[ovs-dev] [PATCH v5] dpif-netdev: Add round-robin based rxq to pmd assignment.
Eelco Chaudron
echaudro at redhat.com
Fri Aug 31 08:56:59 UTC 2018
On 31 Aug 2018, at 10:47, Kevin Traynor wrote:
> Prior to OVS 2.9 automatic assignment of Rxqs to PMDs
> (i.e. CPUs) was done by round-robin.
>
> That was changed in OVS 2.9 to ordering the Rxqs based on
> their measured processing cycles. This was to assign the
> busiest Rxqs to different PMDs, improving aggregate
> throughput.
>
> For the most part the new scheme should be better, but
> there could be situations where a user prefers a simple
> round-robin scheme because Rxqs from a single port are
> more likely to be spread across multiple PMDs, and/or
> traffic is very bursty/unpredictable.
>
> Add 'pmd-rxq-assign' config to allow a user to select
> round-robin based assignment.
>
> Signed-off-by: Kevin Traynor <ktraynor at redhat.com>
> Acked-by: Eelco Chaudron <echaudro at redhat.com>
You kept my ack, but anyway I looked at it again…

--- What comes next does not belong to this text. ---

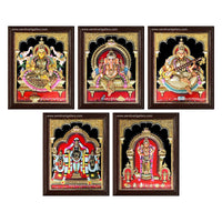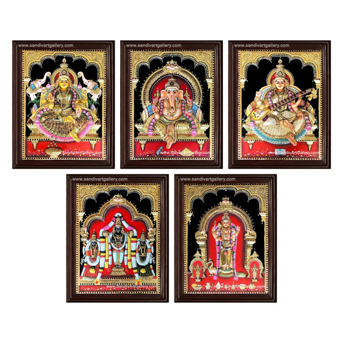 Ganesha Gajalakshmi Vishnu with Sreedevi Boodevi Saraswathi and Thiruchendur Murugar- Pooja Room 3D Super Embossed Tanjore Painting - Classic Frame / 24x18

Acked-by: Eelco Chaudron <echaudro at redhat.com>
> ---
>
> V5:
> - Squashed NEWS into main patch (Ben)
>
> V4:
> - Modified warning log (Ilya)
>
> V3:
> - Rolled in some style and vswitch.xml changes (Ilya)
> - Set cycles mode by default on wrong config (Ilya)
>
> V2:
> - simplified nextpmd change (Eelco)
> - removed confusing doc sentence (Eelco)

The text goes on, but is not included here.